ANS launches: “I have some good news and some bad news…”

The good new is… Automated Notification of Sales (ANS) rolled out yesterday for Direct Delivery. ANS allows information on sales to be forwarded to an external URL, allowing merchants to not only track sales, but to perform a range of different analyses on their sales and customers, in order to provide things like more focused support, identify product trends and so on.

Originally, it had been hoped that ANS would form part-and-parcel of the overall Direct Delivery roll-out, and many merchants were disappointed that this was not the case, with ANS being delayed for reasons unknown.

Yesterday’s announcement that ANS is now available came with a highly-informative user-written wiki article on how to make use of ANS. This is extremely well-presented and spells-out exactly how ANS data can be received and used.

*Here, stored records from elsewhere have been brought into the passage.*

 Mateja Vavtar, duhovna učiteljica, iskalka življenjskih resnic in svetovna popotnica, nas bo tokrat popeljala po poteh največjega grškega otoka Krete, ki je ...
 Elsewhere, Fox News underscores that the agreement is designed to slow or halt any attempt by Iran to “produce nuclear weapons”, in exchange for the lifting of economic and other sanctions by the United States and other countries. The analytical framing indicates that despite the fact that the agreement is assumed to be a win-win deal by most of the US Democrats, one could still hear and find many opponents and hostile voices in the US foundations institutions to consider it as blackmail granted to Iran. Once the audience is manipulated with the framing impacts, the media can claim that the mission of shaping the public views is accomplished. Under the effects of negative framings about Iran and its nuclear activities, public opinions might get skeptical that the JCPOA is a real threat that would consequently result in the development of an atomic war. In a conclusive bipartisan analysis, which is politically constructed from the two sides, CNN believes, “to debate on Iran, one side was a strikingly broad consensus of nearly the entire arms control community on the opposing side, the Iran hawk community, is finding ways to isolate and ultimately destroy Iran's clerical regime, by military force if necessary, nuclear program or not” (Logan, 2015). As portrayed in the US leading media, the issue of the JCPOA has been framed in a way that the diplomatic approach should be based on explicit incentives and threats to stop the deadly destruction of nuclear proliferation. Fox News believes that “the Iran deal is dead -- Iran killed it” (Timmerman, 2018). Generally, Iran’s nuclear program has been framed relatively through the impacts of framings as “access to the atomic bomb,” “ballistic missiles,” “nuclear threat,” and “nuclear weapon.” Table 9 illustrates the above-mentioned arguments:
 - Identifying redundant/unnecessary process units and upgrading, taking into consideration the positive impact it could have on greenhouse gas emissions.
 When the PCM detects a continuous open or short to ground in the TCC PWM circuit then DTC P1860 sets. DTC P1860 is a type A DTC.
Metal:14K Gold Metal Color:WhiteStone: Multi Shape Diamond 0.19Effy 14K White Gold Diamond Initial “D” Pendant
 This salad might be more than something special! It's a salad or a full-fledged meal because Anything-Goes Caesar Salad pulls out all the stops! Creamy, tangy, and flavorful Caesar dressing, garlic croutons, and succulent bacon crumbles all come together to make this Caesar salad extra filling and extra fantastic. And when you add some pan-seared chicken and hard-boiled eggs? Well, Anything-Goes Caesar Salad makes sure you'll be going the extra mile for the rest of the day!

However, it’s not all good news, sadly, as Darrius Gothly reports in the forum thread making the announcement:

 Sadly the ANS for Direct Delivery has a Severe bug and IS NOT SAFE TO USE YET!! The ANS Transaction being sent via the Marketplace service is duplicating the Item ID# (the numeric part of the Product’s listing page) into the Location field. The Location Field is supposed to have the Order Line Item ID number instead, showing which line item in an Order correlates to the ANS Transaction. As long as that field contains the wrong data, you CANNOT track an ANS transaction back to the specific line item in an Order.

Darrius has raised a JIRA on the matter, and merchants who use ANS / have an interest in using ANS are urged to log-in and WATCH the JIRA.

2 thoughts on “ANS launches: “I have some good news and some bad news…”

    1. Presumably because, as Darrius states, it makes it impossible for a merchant reliant upon ANS to accurately trace an ANS transaction back to a specific item within an order. Ergo, the ability to trace items end-to-end is somewhat buggered, as is (I assume) the ability to further confirm any issues reported / related to items within an order.

      The data from ANS isn’t looked at in and of itself, it’s subject to external processing at the merchant’s end of things: as such incorrect data going in is liable to lead to incorrect information coming out, making any reliance on such data “unsafe”.